Meio ambiente

Evacuar o remoto Alasca foi difícil. A reconstrução será ainda mais difícil.

Santiago Ferreira

Aldeias no oeste do Alasca foram atingidas pelos restos de um violento tufão na semana passada. É pouco provável que muitos sobreviventes regressem a casa durante mais de um ano.

Quando os restos de um tufão mortal atingiram o Delta de Yukon-Kuskokwim, no oeste do Alasca, há uma semana e meia, trouxeram ventos com força de furacão e inundações catastróficas para a área remota.

Mais de 1.500 pessoas foram evacuadas de pequenas aldeias espalhadas por esta parte da tundra do Alasca, um processo extremamente difícil numa área apenas acessível por avião, barco ou moto de neve nesta altura do ano. Pelo menos uma pessoa foi morta e outras duas estão desaparecidas.

Alimentando a maior tempestade já registada no delta, a cauda do tufão Halong deixou a sua marca numa região já assolada pela subida do nível do mar, pelo derretimento do permafrost e pela erosão costeira exacerbada pelas alterações climáticas. Aldeias inteiras foram arrasadas, infraestruturas críticas, como escolas e linhas de transmissão de energia, foram dizimadas e os suprimentos de alimentos que os moradores locais passaram meses caçando e coletando antes do inverno foram perdidos.

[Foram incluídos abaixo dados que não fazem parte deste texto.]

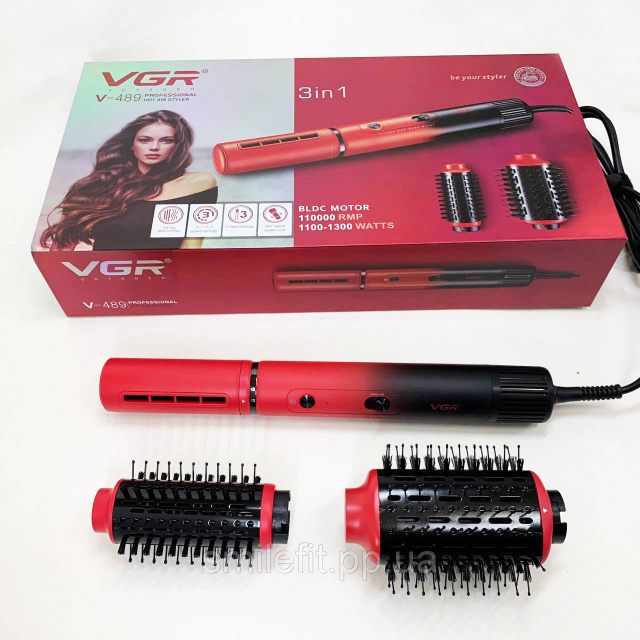 Фен-щітка VGR V-489— це багатофункціональний стайлер, що поєднує в собі можливості фена та щітки, що дозволяє одночасно сушити, завивати та укладати волосся.

À medida que os sobreviventes deslocados cambaleiam na sequência da destruição, enfrentam uma questão que muitos enfrentam numa era de agravamento dos desastres climáticos: regressar e reconstruir ou mudar-se completamente?

O que aconteceu? Começando como um poderoso tufão a leste do Japão, Halong foi levado para nordeste pela corrente de jato para o Mar de Bering, tal como as primeiras previsões previam na semana passada. Mas as coisas mudaram quando a tempestade se aproximou do Alasca.

As águas excepcionalmente quentes no extremo Norte do Pacífico sobrecarregaram a tempestade enfraquecida à medida que mudava de curso entre a Ilha de São Lourenço e o Delta de Yukon-Kuskokwim, uma tundra baixa um pouco maior que o estado de Washington. As mudanças só foram mostradas nas previsões menos de dois dias antes de a tempestade cruzar as águas do Alasca, deixando pouco tempo para a evacuação, disse-me Rick Thoman, especialista em clima da Universidade do Alasca Fairbanks.

Nos dias 11 e 12 de outubro, a tempestade causou “inundações extremas e catastróficas no (delta), enquanto locais que nos preocupavam apenas alguns dias antes, lugares como Nome, não tiveram nenhuma inundação apreciável”, disse ele. À medida que a chuva e o mar varriam casas inteiras, os moradores procuravam abrigo onde quer que pudessem, inclusive em escolas sem banheiros funcionando, relata a CBS News.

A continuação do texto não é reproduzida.